Hackers steal data from 5 million Saks, Lord & Taylor customers

Beware a shopping spree for cybercriminals as credit and debit card info goes on sale.

Christmas season in Canada

Up to 5 million customers from Saks Fifth Avenue and Lord & Taylor had their information stolen.

NurPhoto

In the cybercrime world, it's "hacks of Fifth Avenue."

Lord & Taylor and Saks Fifth Avenue announced Sunday that 5 million of their customers suffered a data breach, with cybercriminals stealing credit and debit card information. The breach affected Hudson's Bay Co., which owns both chains, in its North American stores.

The company said in an updated statement Monday that it believes the breach  "no longer poses a risk to customers shopping at our stores."

It's also creating a call center, at 1-855-270-9187, so people can call to see if they were affected by the breach.

Data breaches have become a commonplace risk for both customers and companies as hackers target corporations with weak cybersecurity. Last week, for instance, Under Armour announced that 150 million accounts from MyFitnessPal were stolen in a data breach. Entities from travel agencies to voter records have been hit by hackers. More than half of the US population is still feeling the aftereffects of Equifax's massive breach.

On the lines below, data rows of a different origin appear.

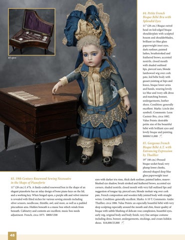 19” (48 cm.) Pressed bisque socket head, very plump lower cheeks, almond-shaped deep blue glass paperweight inset eyes with darker iris rims, thick dark eyeliner, painted lashes, mauveblushed eye shadow, brush stroked and feathered brows, accented eye corners, shaded nostrils, closed mouth with very full outlined lips and suggestion of tongue tip, pierced ears, blonde mohair wig over cork pate, French composition and wooden fully jointed body with straight wrists. Condition: generally excellent. Marks: A 10 T. Comments: Andre Thuillier, circa 1886. Value Points: an especially beautiful bébé with very deep sculpting especially around the mouth and chin, finest quality of bisque with subtle blushing of delicate rose complexion, beautiful eyes, early wig, original body and body finish, very fine antique costume including dress, bonnet, undergarments, stockings, and cream kidskin shoes. $18,000/25,000
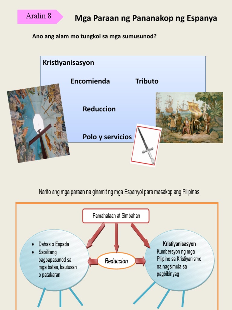 Paraan ng Pananakop ng Mga Espanyol sa Pilipinas Ang Kristiyanismo at Ang Reduccion created by Rose Tabije on 13112019. Paraan ng Pananakop Ang mga paaralan munisipyo simbahan libingan at plaza ay magkakasama sa isang lugar na tinatawag na kabesera upang higit ng mapalapit sa simbahan. Impluwensiyang Espanyol sa kaayusan ng mga bayan kalagayang pangkabuhayan.
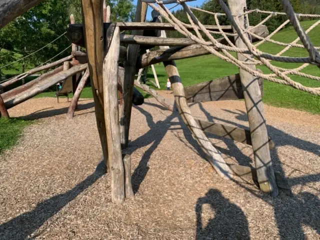 Wir biegen nach links ab, zum „Hasengarten“. Hier am Naturspielplatz legen wir eine wohlverdiente Pause ein: Klettermöglichkeiten, Rutschen, Nestschaukel, Buddelplatz und Dammbau im Bach – wir müssen aufpassen, dass wir rechtzeitig wieder weg kommen – es ist schon spät. Zum Abschied bimmeln die Kuhglocken, die Kinder winken den Bauern auf den Traktoren zu.
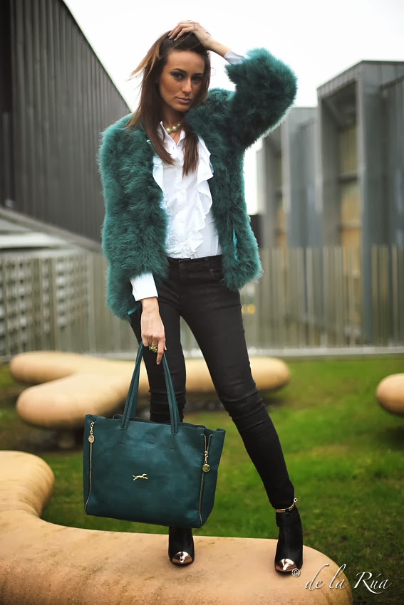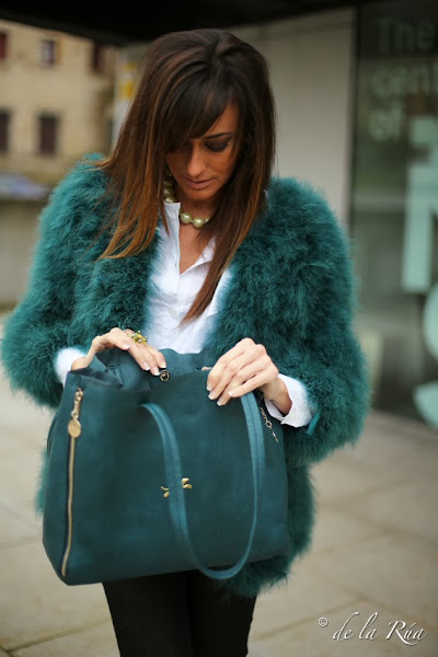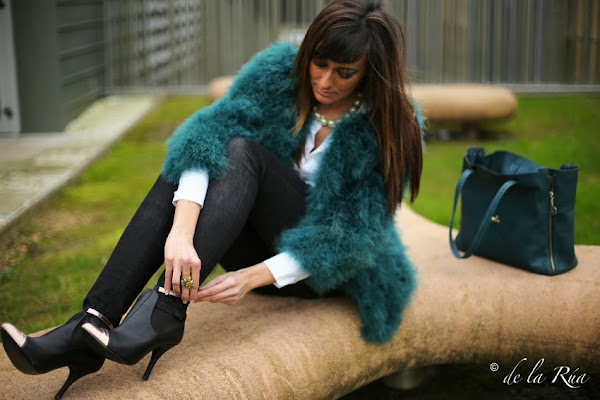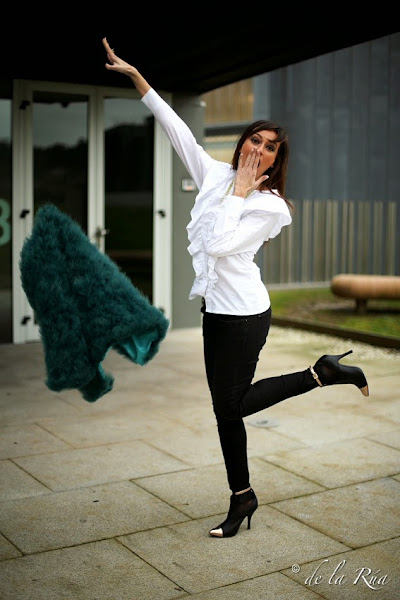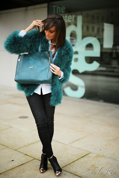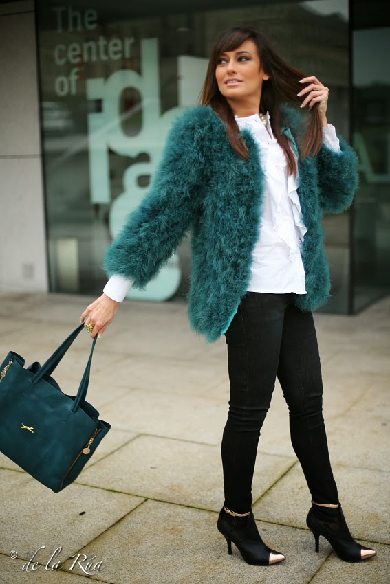 Como os decía, el look de hoy es un look compuesto por un vaquero pitillo negro, una camisa básica blanca, muy atemporal, pero con un toque especial, el de los volantes, y unos tacones negros con puntera dorada, a contraste. Pero, sin lugar a dudas, al margen del collar de bolas y el maxi anillo, que, por cierto, me encantan, la pieza fundamental del look es el vistoso a la par que voluminoso chaquetón verde azulado turquesa; un capricho para abrigarse con estilo que me enamoró nada más verlo en el escaparate de una de mis tiendas favoritas, a juego con el color de mi bolso (un color nada fácil de combinar, por cierto), que ya tiene un par de temporadas.
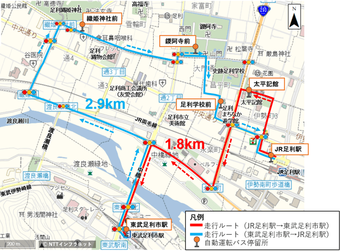 ■走行ルート:JR足利駅および東武足利市駅を起終点に、観光施設・商業施設を周遊するルート

People are trusting companies to protect their data, and Hudson's Bay is the latest to show it couldn't.

Security researchers from Gemini Advisory said the majority of the stores affected were in New York and New Jersey, and the problem started in May 2017, ending when the breach was discovered. The hackers, from a group called JokerStash, also known as Fin7, put up more than 5 million stolen credit and debit cards for sale on the dark web, the researchers said.

The hacking group is also allegedly behind the breaches against Whole Foods, Chipotle and Trump Hotels. The researchers said that this was one of the "most damaging to ever hit retail companies."

"The theft of five million payment cards is undoubtedly among the most significant credit card heists in modern history," the researchers wrote.

That still pales in comparison to the information from 56 million credit cards stolen from Home Depot in 2014, or the data of 40 million customers hacked from Target.

Saks Fifth Avenue said it would be offering affected customers free identity protection, along with credit and web monitoring. The company said it's still investigating the breach and will notify affected customers as it learns more information.